Suite à ce drame, Kitano réalise en 1996 l’émouvant Kids Return. Et l’année suivante, Hana-Bi. Le bouffon qui se déguise en souris pour balancer des morceaux de viande sur les figurants hystériques de ses shows TV se métamorphose alors en génie du 7e art avec une science du cadrage hallucinante, un art de l’ellipse à faire pâlir Robert Bresson, privilégiant le hors-champ, les plans fixes figés, la scène suivant l’action à l’action elle-même.
Hana-Bi est une histoire de morts-vivants. Dans ce polar existentiel qu’il écrit, produit, monte et réalise, Takeshi Kitano incarne un flic laminé, un mort en sursis. Sa femme est rongée par le cancer, un collègue vient de se faire dessouder par un yakuza, un autre se retrouve cloué sur une chaise roulante. Pour offrir à sa femme une ultime virée amoureuse, pour la voir sourire une dernière fois, l’inspecteur Nishi va se compromettre avec des yakuzas, rectifier quelques nuisibles et braquer une banque.

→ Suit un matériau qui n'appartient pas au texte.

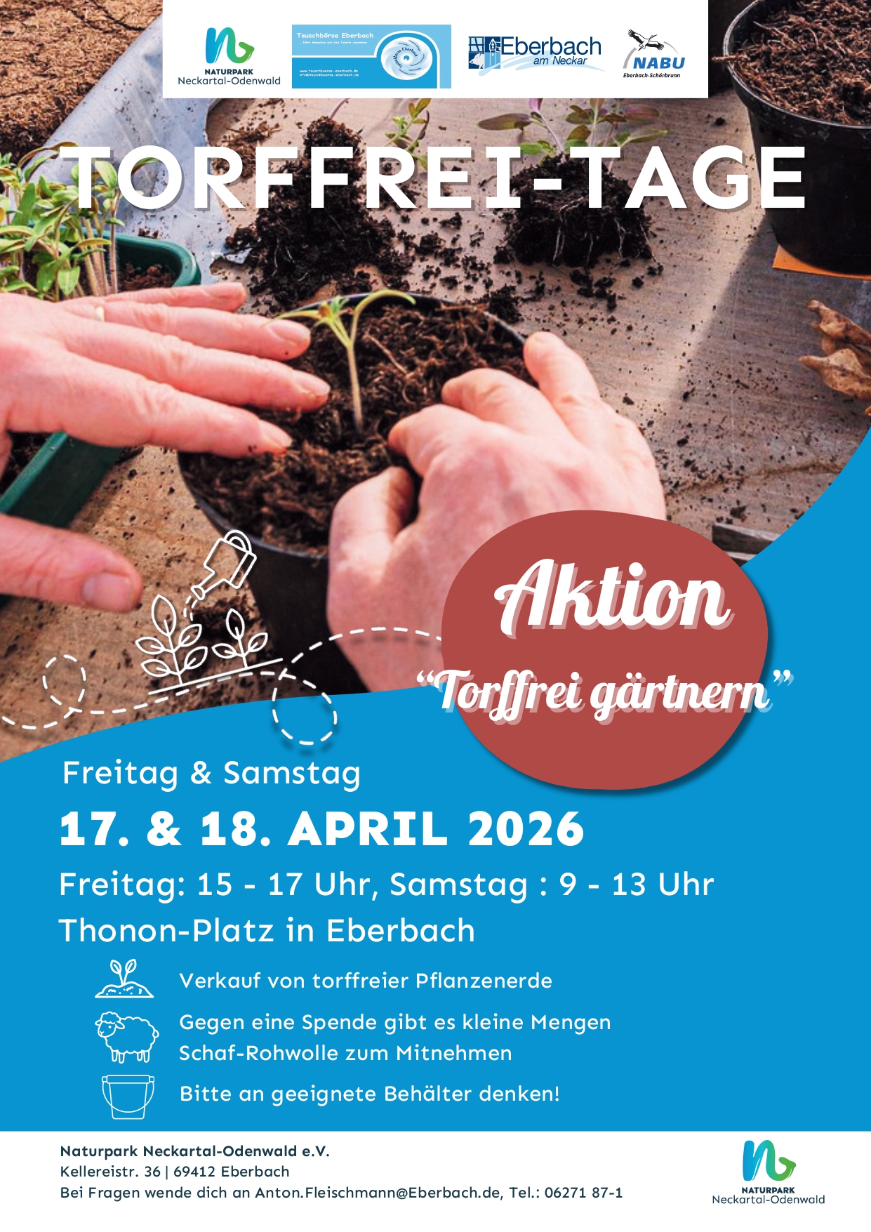 Im Rahmen der bundesweiten Aktion „Torffrei gärtnern“ bietet der NABU Eberbach-Schönbrunn gemeinsam mit der Stadt Eberbach torffreie Pflanzerde zum Verkauf an. Die Erde wird von der Abfallwirtschaft Neckar-Odenwald-Kreis (AWN) in Buchen bezogen.

Dans ce film en liberté, d’une beauté sidérante, Kitano bouleverse la chronologie, emboîte les histoires et le spectateur doit raccorder cette narration-puzzle. Il réinvente le 7e art. Entre deux fusillades hardcore, Kitano filme la mer, les nuages, un regard qui s’éteint… Et surtout, il cadre plein pot ses peintures bariolées : des feux d’artifices, des enfants, de chiens-tournesol ou des chauves-souris à tête d’orchidée. Le polar se métamorphose en un trip poétique, en mélo poétique, avec une mise en scène à la perfection géométrique.

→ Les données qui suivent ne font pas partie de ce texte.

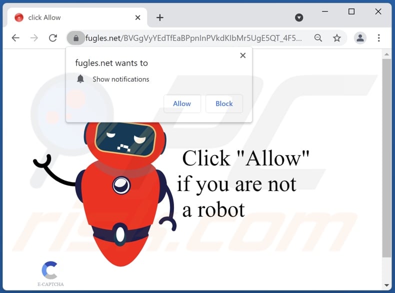 Furthermore, most pages of this type use clickbait or other deceptive content - to trick visitors into allowing their browser notifications. Fugles[.]net uses fake CAPTCHA verification, and should its notifications be enabled - the website will begin running intrusive ad campaigns.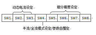 DMA860H驱动器采用八位拨码开关设定细分精度、动态电流、静止半流以及实现电机参数和内部调节参数的自整定。详细描述如下: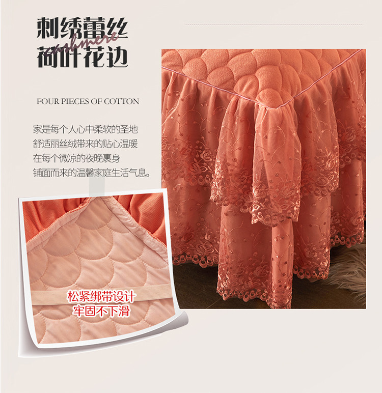 (总)恒爱家纺 2025新款牛奶绒贴布绣夹棉床裙四件套,豆沙红,浪漫紫,天空蓝,温馨粉,象牙白

Depuis, Takeshi Kitano a multiplié les apparitions dans les films des autres (récemment Ghost in the Shell où il incarnait le supérieur hiérarchique du Major Scarlett Johansson), les productions (notamment les films du Chinois Jia Zhangke), les réalisations (des films comiques, barrés, des films de samouraïs, de yakuzas…), mais il n’a jamais retrouvé la grâce et le génie d’Hana-bi.
Hana-Bi
Réalisé par Takeshi Kitano
Avec Takeshi Kitano, Kayoko Kishimoto, Ren Osugi.